How it works: you install our open source driver on any Windows machine (https://github.com/cyberdesk-hq/cyberdriver). It communicates with our backend to receive commands (click, type, scroll, screenshot) and sends back data (screenshots, API responses, etc). You give our computer use agent a detailed natural language description of the process for a given task, just like an SOP for an employee learning a new task for the first time. The agent then leverages computer use AI models to learn the steps and memorizes them by saving each screenshot alongside its action (click on these coordinates, type XYZ, wait for page to load, etc).
The agent deterministically runs through these steps to run fast and predictably. In order to account for popups and UI changes, our agent checks the live screen state against the memorized state to determine whether it’s safe to proceed with the memorized step. If no major changes prevent safe execution of the memorized step, it proceeds; otherwise, it falls back to a computer use model with context on past actions and the remaining task.
Customers are currently using us for manual tasks like importing and exporting files from legacy desktop applications, booking appointments for patients on a desktop PMS, and data entry for filling our forms like patient profiles and such in an EMR.
We don't have a self-serve option yet but we'd love to onboard you manually. Book a demo here to learn more! (https://www.cyberdesk.io/)
If you’d rather wait for the self-serve option a little later down the line, please do submit your email here (https://forms.gle/HfQLxMXKcv9Eh8Gs8) so you can be notified as soon as that’s ready.
You can also check out our docs here: https://docs.cyberdesk.io/.
We’d absolutely love to hear your thoughts on our approach and on desktop automation for legacy industries!
1) The funny thing about determinism is how deterministic you should be when to break, its kind of a recursive problem. agents are inherently very tough to guardrail on an action space so big like in CUA. The guys from browser use realized it as well and built workflow-use. Or you could try RL or finetuning per task but is not viable(economically or tech wise) currently.
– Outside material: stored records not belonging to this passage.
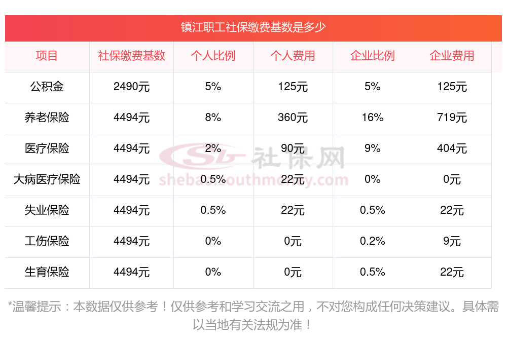 镇江2025年养老保险缴费标准是多少?下表是2025年镇江社保费用明细参考,新社通app-社保缴费查询工具提供的最新数据如下:
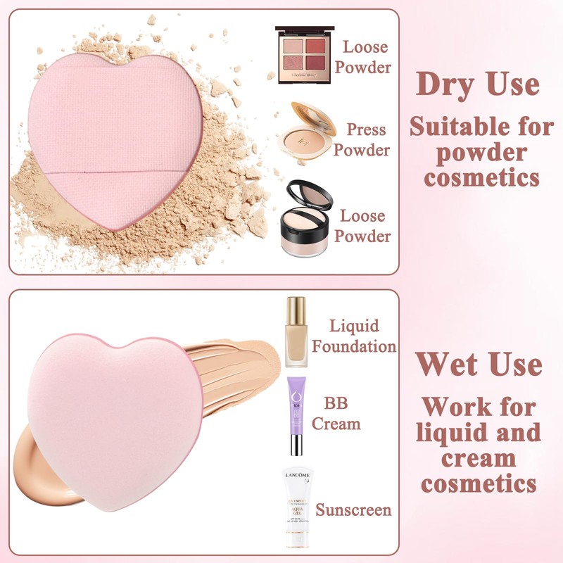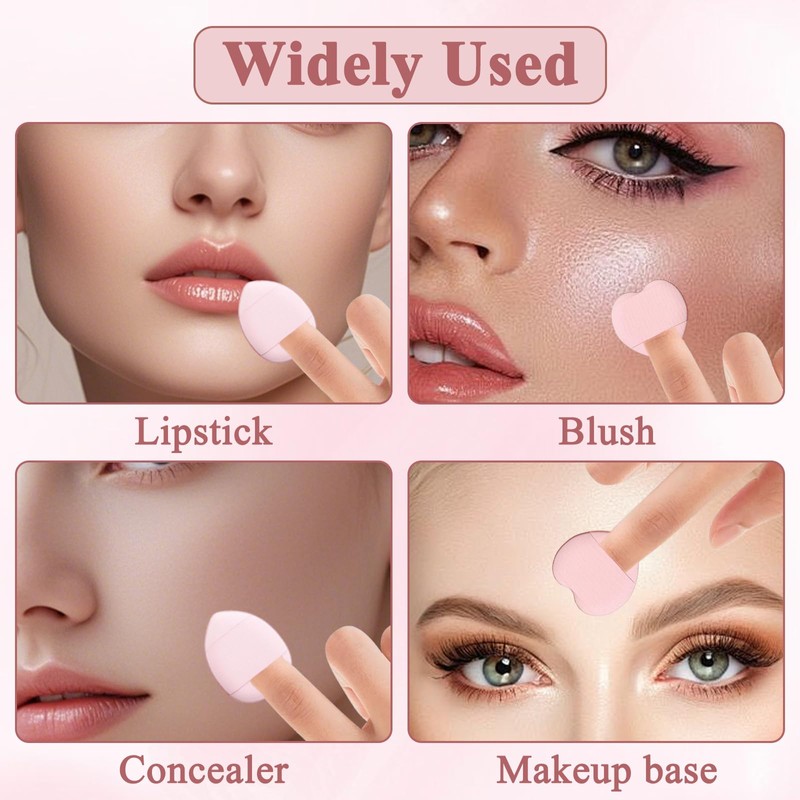 - 【Niedliches Aussehen】Dieses einzigartige finger puderquaste-design ist nicht nur schön und modisch, sondern auch voller romantik. Durch dieses erscheinungsbild passt sich schwämmchen powder puff besser den gesichtskonturen an, sodass sich auch schwer erreichbare bereiche wie nasenflügel, augenwinkel und mundwinkel leichter schminken lassen.
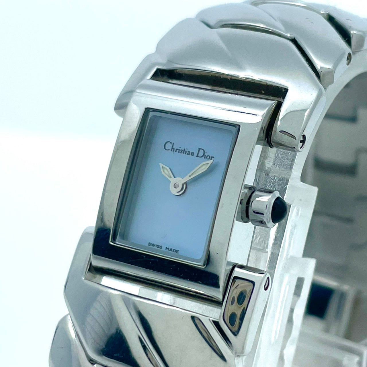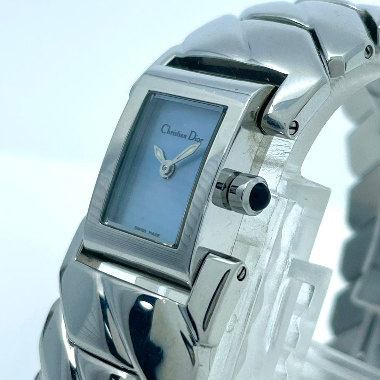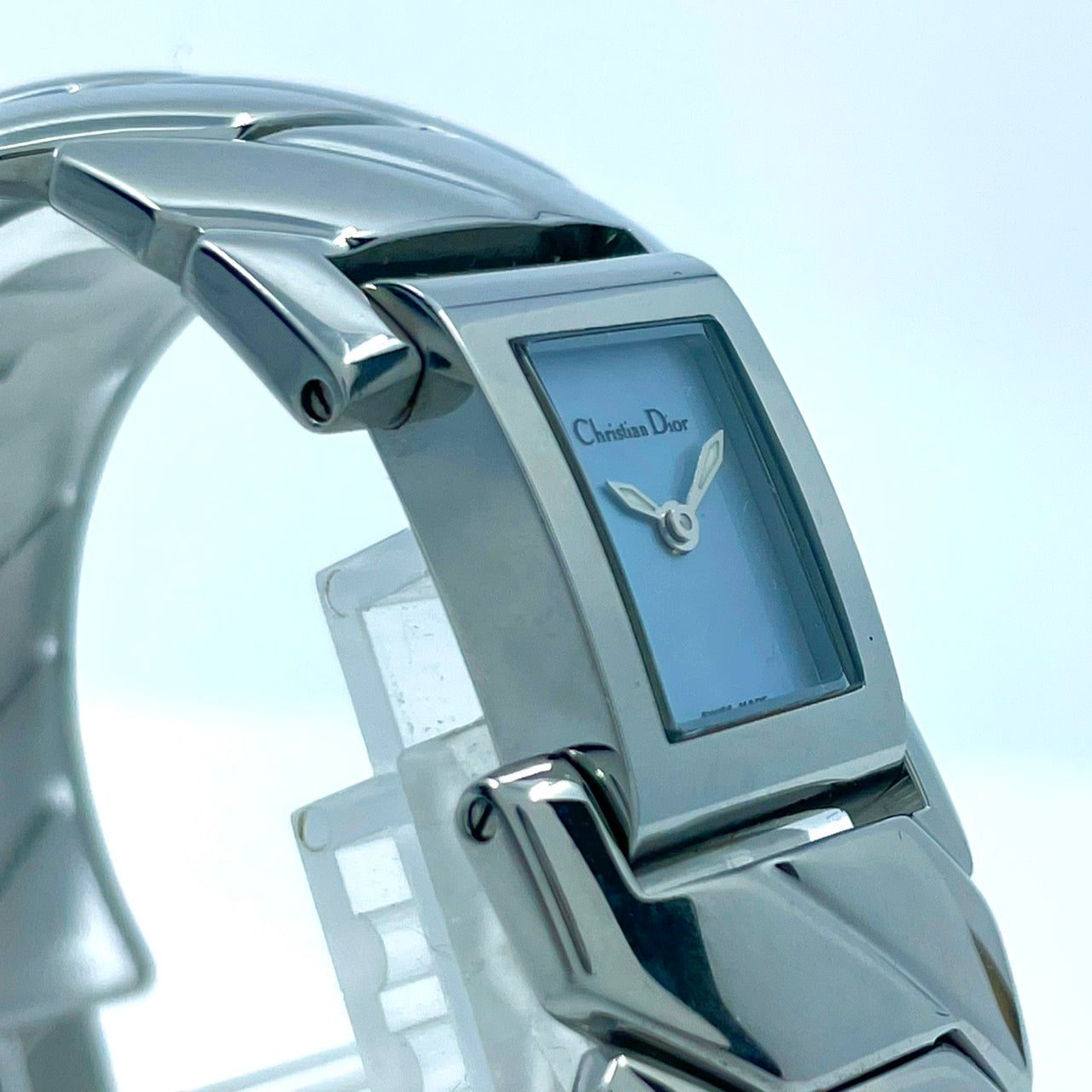 【稼働/美品】クリスチャンディオール 腕時計 D72-100 レディースウォッチ スクエア シルバー アイスブルー文字盤 クォーツ ブレスレットウォッチ エレガント ドレスウォッチ クラシック スイス製 高級ブランドウォッチ クリーニング済 G6
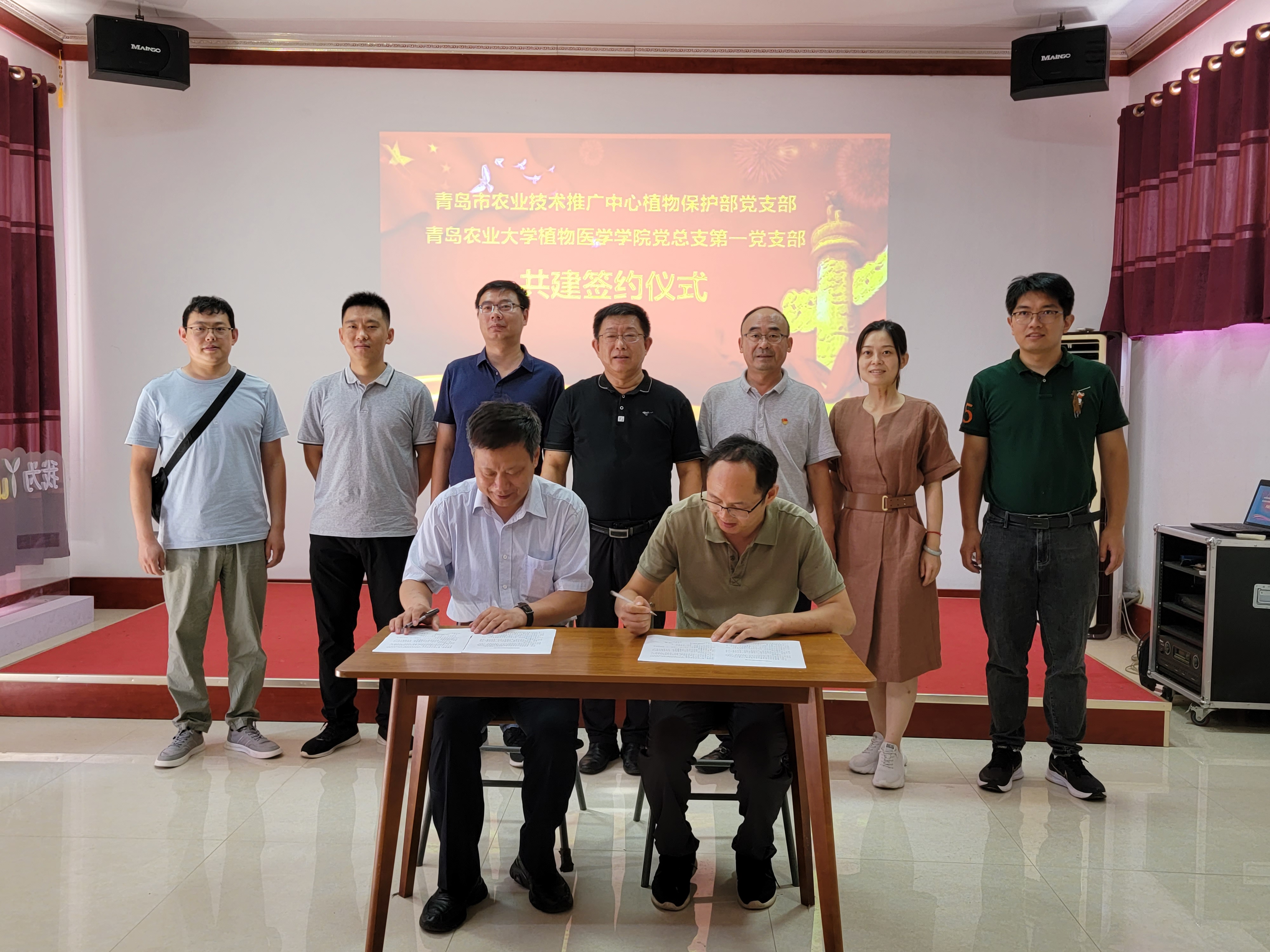 8月24日,为建立健全党组织互帮互助机制,进一步推动党支部战斗堡垒建设,加强党员交流学习,激发党组织和党员队伍活力,2026世界杯官网第一党(教工)党支部与青岛市农业技术推广中心植物保护部党支部签署合作共建协议,合作共建期限为一年。青岛市农业技术推广中心党委委员李晓东同志、植物保护部党支部书记王连刚同志、公司党总支委员赵洪海同志、第一支部书记练森同志、全体支部委员及部分党员同志参加了共建协议签署仪式。
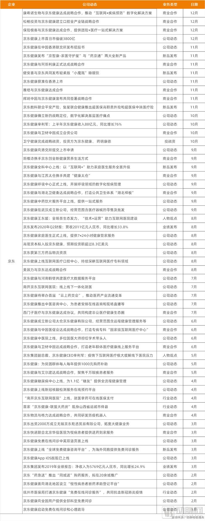 也是在这个过程中,京东健康走向了上市。10月,京东健康上半年业绩公布,收入88亿元,同比增长76%;11月,京东健康获准在香港上市;12月,京东健康宣告上市。值得注意的或许是,在线医疗健康服务收入占据京东健康整体收入比重较小,招股书并未单独予以披露。未来发展如何,仍有待进一步观察。
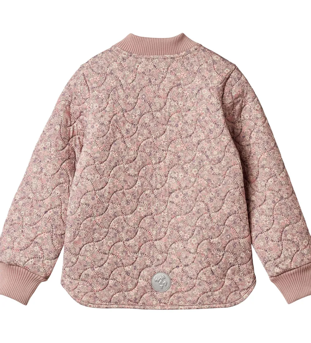 Fin Wheat termojakke i rosa med et alloverblomsterprint og en bølgende, quiltet struktur.
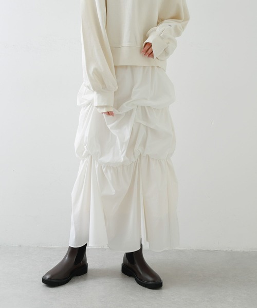 スタイリングの主役に抜擢! 〇差別化できるティアードバルーンデザイン 〇落ち感ある素材ですっきり 〇キレイめからカジュアルまで幅広く着こなせるデザイン styling コーデの主役間違いなし!バルーンシルエットとティアードデザインをミックスし、他にない一枚で様になるデザインです◎落ち感ある素材でボリュームを抑えつつ、ウエストをキレイに魅せてくれるので、クロップド丈のスウェットでカジュアルダウンに着こなすのがおすすめ!甘めからキレイ目にも落とし込めるのでコーデの幅も広がります。 【2025 Spring/Summer】【25SS】 ※商品画像は、光の当たり具合やパソコンなどの閲覧環境により、実際の色味と異なって見える場合がございます。予めご了承ください。 ※商品の色味の目安は、商品単体の画像をご参照ください。 ▼お気に入り登録のおすすめ▼ お気に入り登録商品は、マイページにて現在の価格情報や在庫状況の確認が可能です。 お買い物リストの管理に是非ご利用下さい。 素材感 透け感 : ややあり(OFF WHITE) 伸縮性 : ややあり 裏地 : あり 光沢 : なし ポケット : なし one
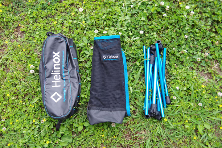 スタッフバッグ(収納袋)を開けると、中にはシート部分とフレームとなるポールが折り畳まれて入っています。ポールには、テントのそれと同様に中にゴムが通っていて、バラバラになることはありません。スタッフバッグ自体はファスナーで大きく開くので、実は片付けるときにすごくラクなんです。これもポイントが高いかも。
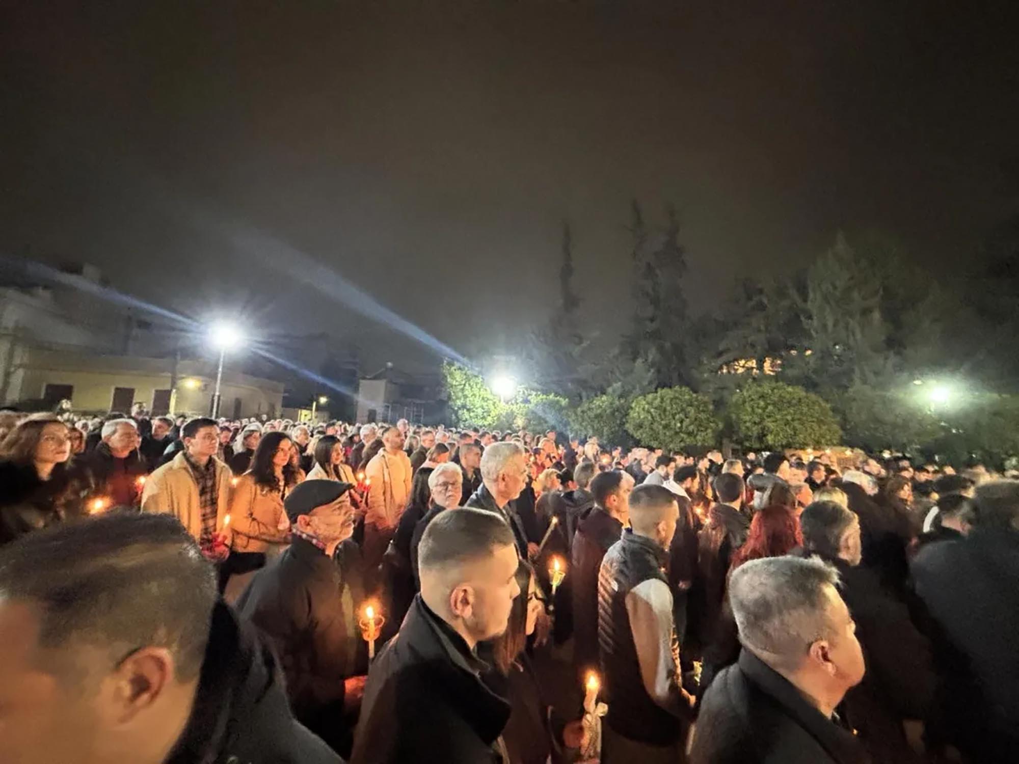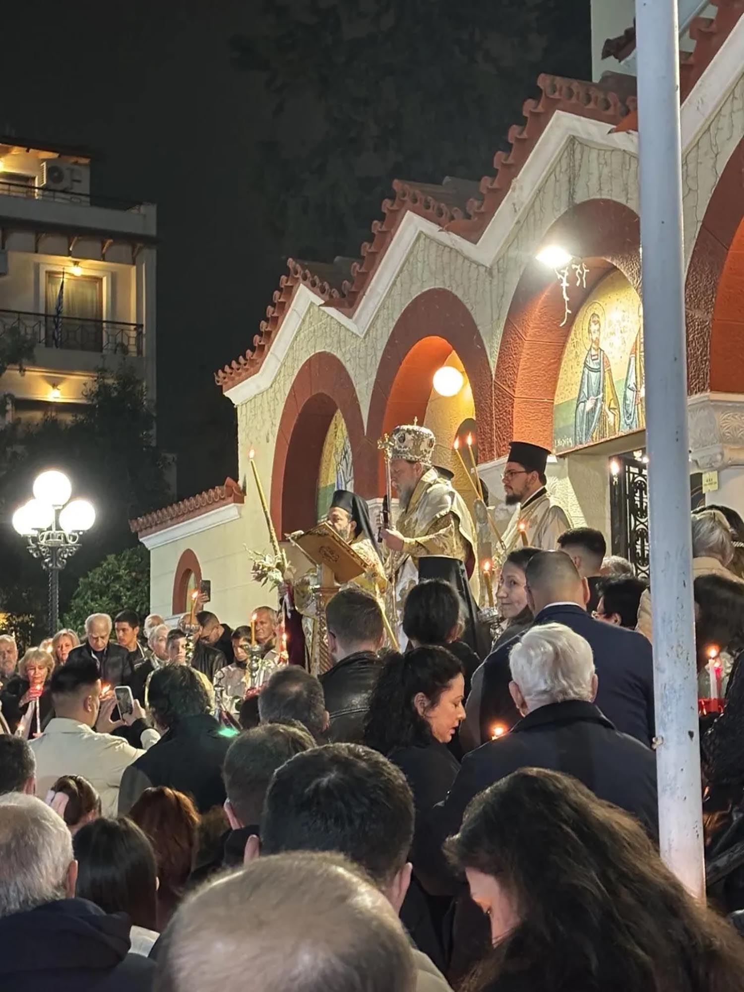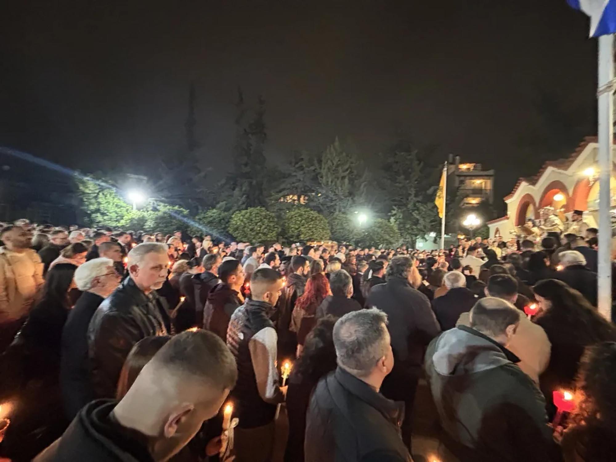 Πλήθος πιστών, με ευλάβεια και κατάνυξη, κρατώντας αναμμένες λαμπάδες από το ανέσπερο φως, κατέκλυσαν τον προαύλιο χώρο του Μητροπολιτικού Ναού για να ακούσουν τον νικητήριο παιάνα της Εκκλησίας μας «Χριστός Ανέστη», που σηματοδοτεί τον θρίαμβο της θείας δόξης και την οριστική νίκη της ζωής επί του θανάτου.
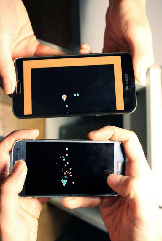 一位曾參與過(guò)游戲《偵探家族 Guilty Party》和《復(fù)仇者聯(lián)盟 Avengers Initiative》制作的程序猿,Sebastian Gosztyla曾參與過(guò)游戲《偵探家族》(Guilty Party)和《復(fù)仇者聯(lián)盟》(Avengers Initiative)制作,在厭倦了一般游戲封閉、虛擬的特性后,決定自己大展拳腳,做一款能夠跟其他小伙伴一起互動(dòng)玩耍的雙人游戲,本作由此誕生。這是款實(shí)實(shí)在在需要兩位基友一起愉快地玩耍的游戲,大致就是哥倆拿出手機(jī)面對(duì)面站/坐/躺著,手機(jī)屏幕就是比賽場(chǎng)地,兩枚手機(jī)通過(guò)無(wú)線網(wǎng)絡(luò)或是藍(lán)牙連接起來(lái),然后雙方互發(fā)飛碟,通過(guò)重力感應(yīng)等系統(tǒng)接過(guò)對(duì)方發(fā)來(lái)的飛碟。心理承受能力好的童鞋可以看看游戲的試玩視頻,小燒白表示那畫(huà)面太美我不敢看!
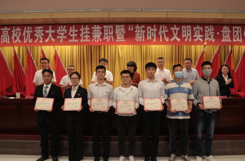 7月1日,盘龙区“团聚英才”高校优秀大学生挂兼职暨“新时代文明实践·盘团伙伴”公益项目启动仪式在盘龙区行政中心举行。启动仪式上,校团委书记杨欣与共青团盘龙区委书记李思言签订了《共青团bwin必赢唯一官方网站委员会与共青团盘龙区委员会合作共建框架协议》,参加启动仪式的领导还为盘龙区各级共青团学生兼职副书记代表颁发了聘书。
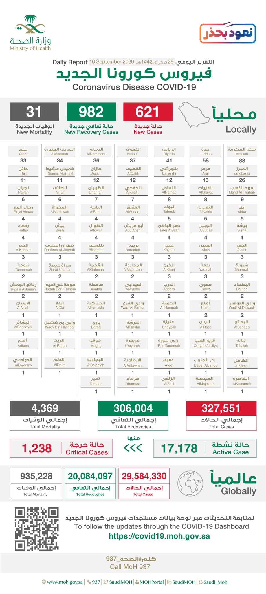 أعلنت وزارة الصحة اليوم ”الاربعاء“ تسجيل 621 إصابة جديدة بفايروس كورونا المستجد المسبب لمرض ”كوفيد19“. منها 12 في القطيف و2 بصفوى. ليرتفع إجمالي الإصابات في المملكة إلى 327551 حالة مؤكدة.
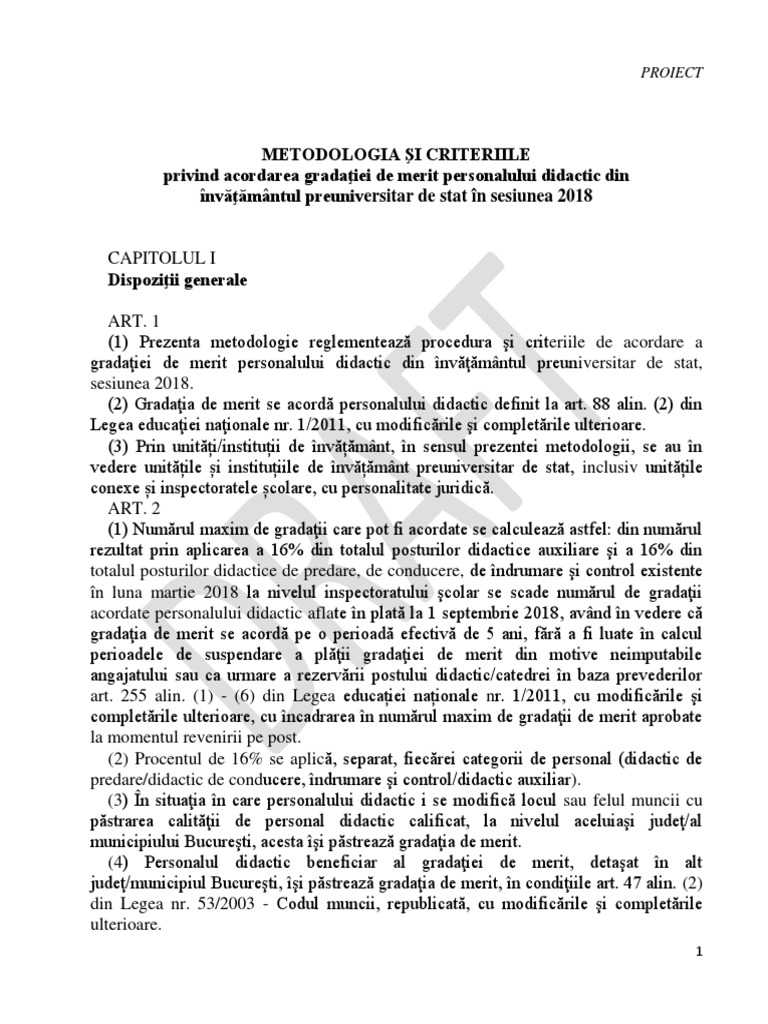 Proiect metodologie gradatie de merit 2018. Alte articole din categoria anunturi scoli. Proiect metodologia şi. Gradația de merit se atribuie pe o perioadă de 5 ani potrivit legii educației.

2) As you know, It's a very client facing/customized solution space You might find this interesting, it reflects my thoughts in the space as well. Tough to scale as a fresh startup unless you really niche down on some specific workflows. https://x.com/erikdunteman/status/1923140514549043413 (he is also building in the deterministic agent space now funnily enough) 3) It actually is annoyingly expensive with Claude if you break caching, which you have to at some point if you feed in every screenshot etc. You mentioned you use multiple models (i guess uitars/omniparser?), but in the comments you said claude?
4) Ultimately the big bet in the RPA space, as again you know, is that the TAM wont shrink a lot due to more and more SAP's, ERP's etc implementing API's. Of course the big money will always be in ancient apps that wont, but then again in that space, uipath and the others have a chokehold. (and their agentic tech is actually surprisingly good when i had a look 3 months ago)
Good luck in any case! I feel like its one of those spaces that we are definitely still a touch too early, but its such a big market that there is plenty of space for a lot of people.